WASHINGTON — Officials negotiating a 12-nation Pacific trade agreement continued talks Saturday, hoping to clear some final hurdles and announce the long-elusive completion of an agreement.

Since high-level talks on the Trans-Pacific Partnership began Wednesday in Atlanta, officials from the U.S., Japan, Canada and nine other countries appeared to have made significant headway in overcoming two of three major obstacles in the way of the biggest free-trade deal in a generation.

Reports from Atlanta on Friday indicated that trade officials had agreed on rules involving the foreign content of automobiles and auto parts. Industry sources said they saw a compromise on market access for dairy products, which are highly protected in Canada and other countries.

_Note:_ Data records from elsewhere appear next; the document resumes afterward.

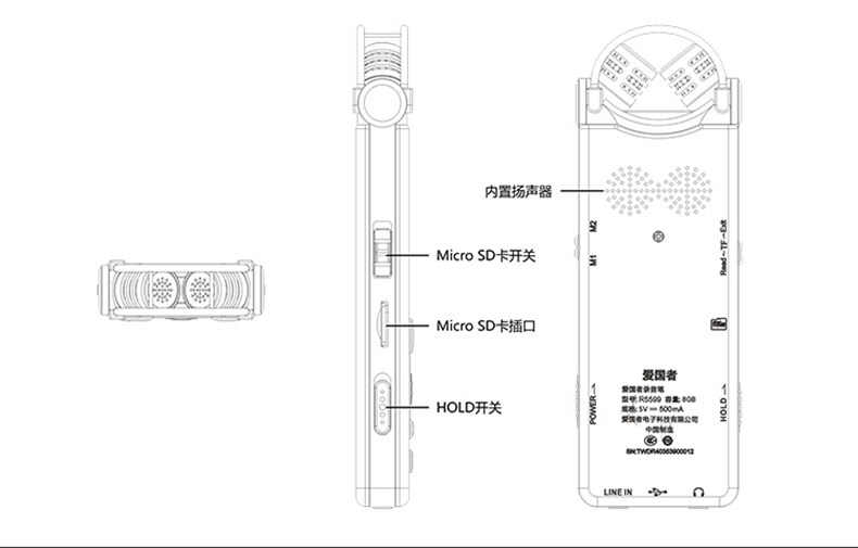 Патриотная запись Pen R5599 Профессиональное снижение шума HD Длиное расстояние супер длительное резервное резервное резервное время малая портативная запись для текста китайского иерога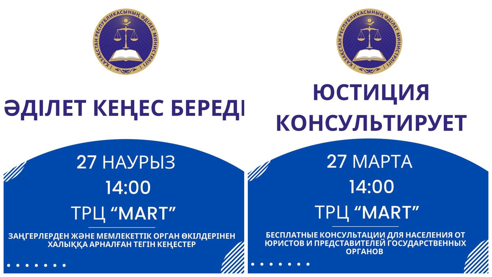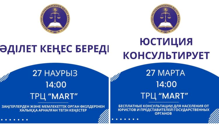В городе Тараз 27 марта 2026 года состоится акция «Юстиция консультирует», направленная на оказание бесплатной юридической помощи гражданам.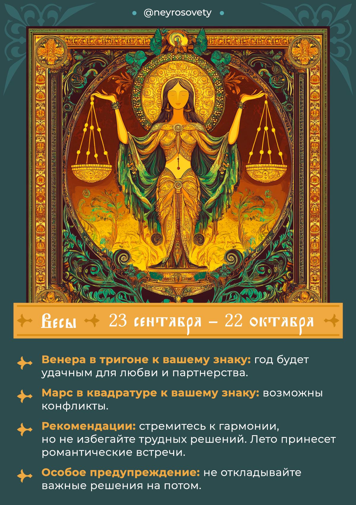 Венера в тригоне к вашему знаку: Год будет удачным для любви и партнерства. Марс в квадратуре к вашему знаку: Возможны конфликты. Рекомендации: Стремитесь к гармонии, но не избегайте трудных решений. Лето принесет романтические встречи. Особое предупреждение: Не откладывайте важные решения на потом.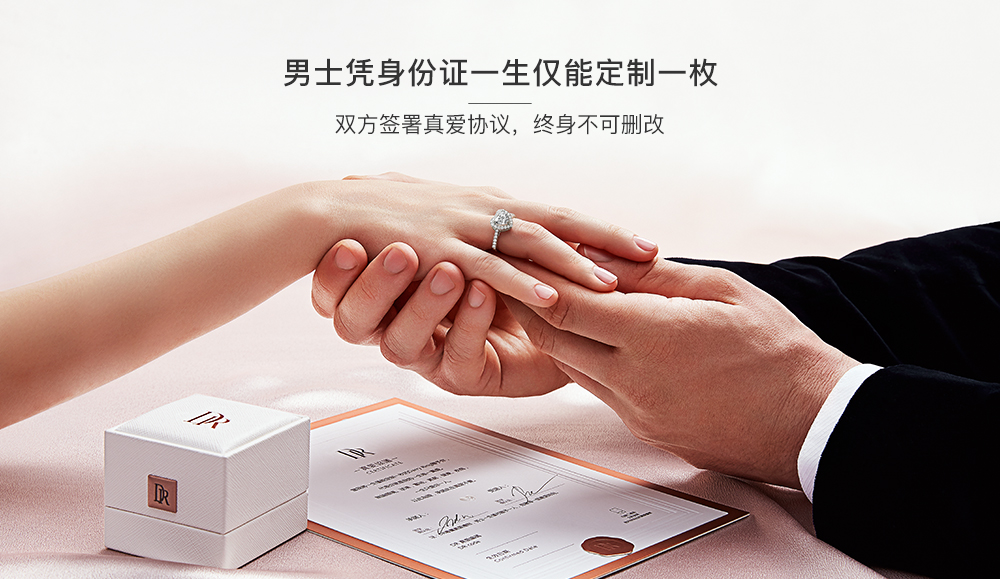 求婚钻戒恰好能将这份真爱具象化,带着“男士一生仅能定制一枚”的独特规定,DR钻戒正式走进大众视野。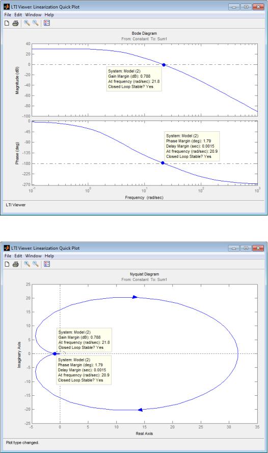 3. Разомкнуть систему, построить ЛАХ, ЛФХ (см. рис. 19) и АФЧХ системы (см. рис. 20).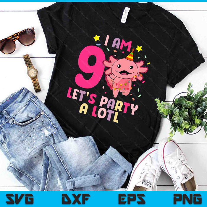 Kids Axolotl 9th Birthday Shirt - I m 9 Lets Party Alotl SVG PNG Digital Printable Files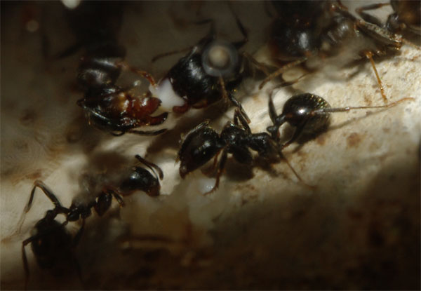Колония у меня большая. Когда кидаю очень много корма, они тащят в общую камеру... заваливают её полностью.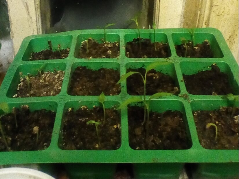 На сегодняшний день у меня посажены перцы, баклажаны, помидоры и немного цветов и капусты. Что мы имеем спустя некоторое время: Перцы и баклажаны от 12 февраля Спустя ровно месяц могу констатировать, что таблетки в Фикс-Прайсе и правда были отвратительные. Из кучи перцев, посаженных в них, взошёл только один. Зато в стаканчиках и простом покупном грунте перчики отлично растут. А с баклажанами ситуация гораздо хуже. Очень многие не взошли, а достаточно большое количество вылезли "космонавтами", да такими, что листьев не видно, и снять семенную оболочку никак не получилось. Думаю, что земля оказалась тяжёлой - смешивала покупную со своей. Итог печален, надо срочно досаживать. Помидоры от 19 февраля Все помидорки, посаженные в этот день успешно взошли, количеством более 50% каждого сорта и успешно растут. Вытягиваются, но это не страшно, при пикировке углубим. Некоторые, правда, придётся пересаживать лёжа. Помидоры от 6 марта Раннеспелые сорта показали петельки, фотографировала вчера посл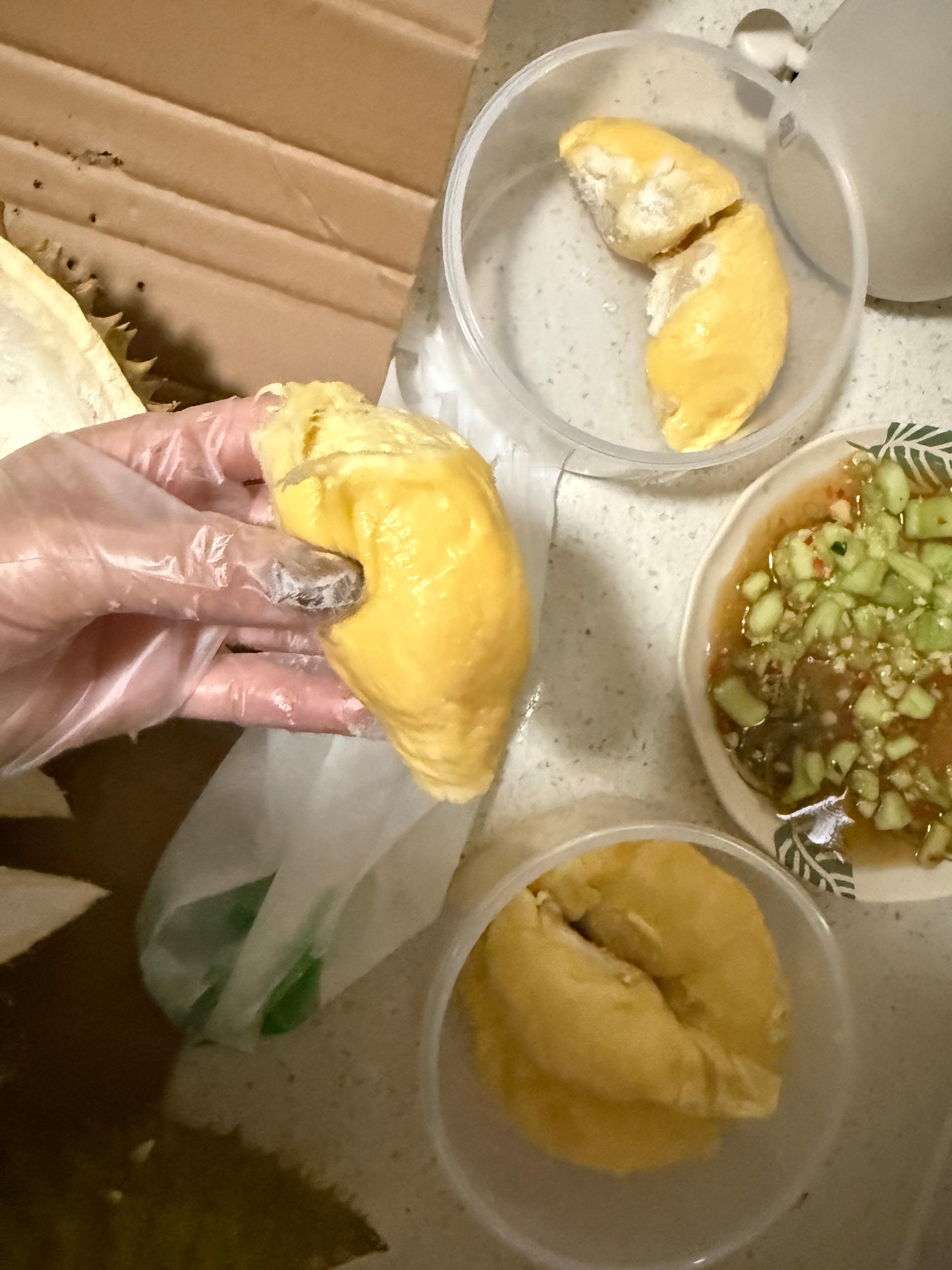 这榴莲长得这么饱满好看!开出来怎么这么点肉不够我吃两口呜呜呜今天小卷长胖了吗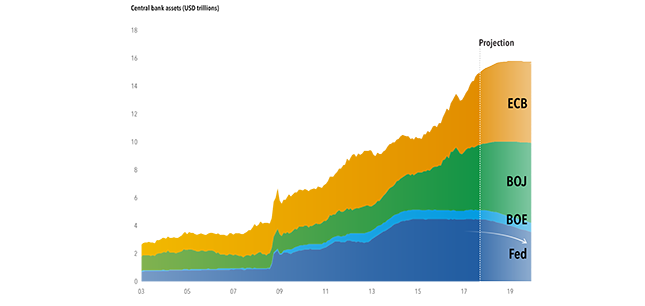 Sources: Capital Group, Thomson Reuters as of 9/30/17. European Central Bank (ECB), Bank of Japan (BOJ), Bank of England (BOE), U.S. Federal Reserve (Fed).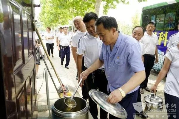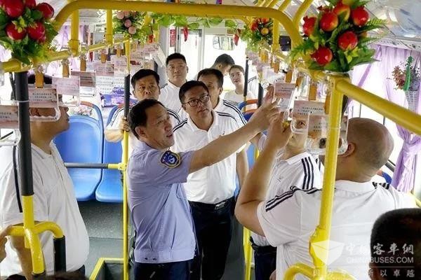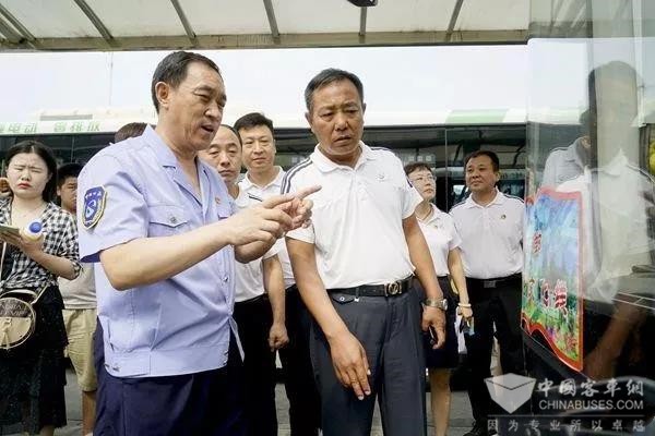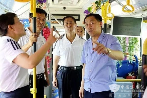 6个公交场站、21条公交线路,8个主业单位一把手在总公司总经理杜海潮,副总经理尚继迎、王洪斌的带领下,临时组成检查小组,在无准备、无通知的情况下对“文化进车厢”工作进行突击式复检。2019年7月16日上午,伴随着高温炎热天气,一场“出出汗”式的抽查工作在邯郸市公交总公司展开。

But people monitoring the talks at a hotel in Atlanta said there were still sharp differences over patent lengths for certain complex drugs known as biologics. The U.S. is said to be seeking a standard of eight years of intellectual property protection for these drugs before generic substitutes can be made.

Most of the dozen Trans-Pacific Partnership countries provide for five or fewer years of such protection, and officials are reluctant to extend patent lengths that could delay patient access to cheaper generic drugs, and also strain government health budgets.

The Trans-Pacific Partnership is an effort to link closely the 12 nations, which make up 40 percent of the world economy. The U.S. joined the talks in 2008, and since there have been multiple rounds of negotiations involving hundreds of tariff items and rules on various aspects of trade and investment.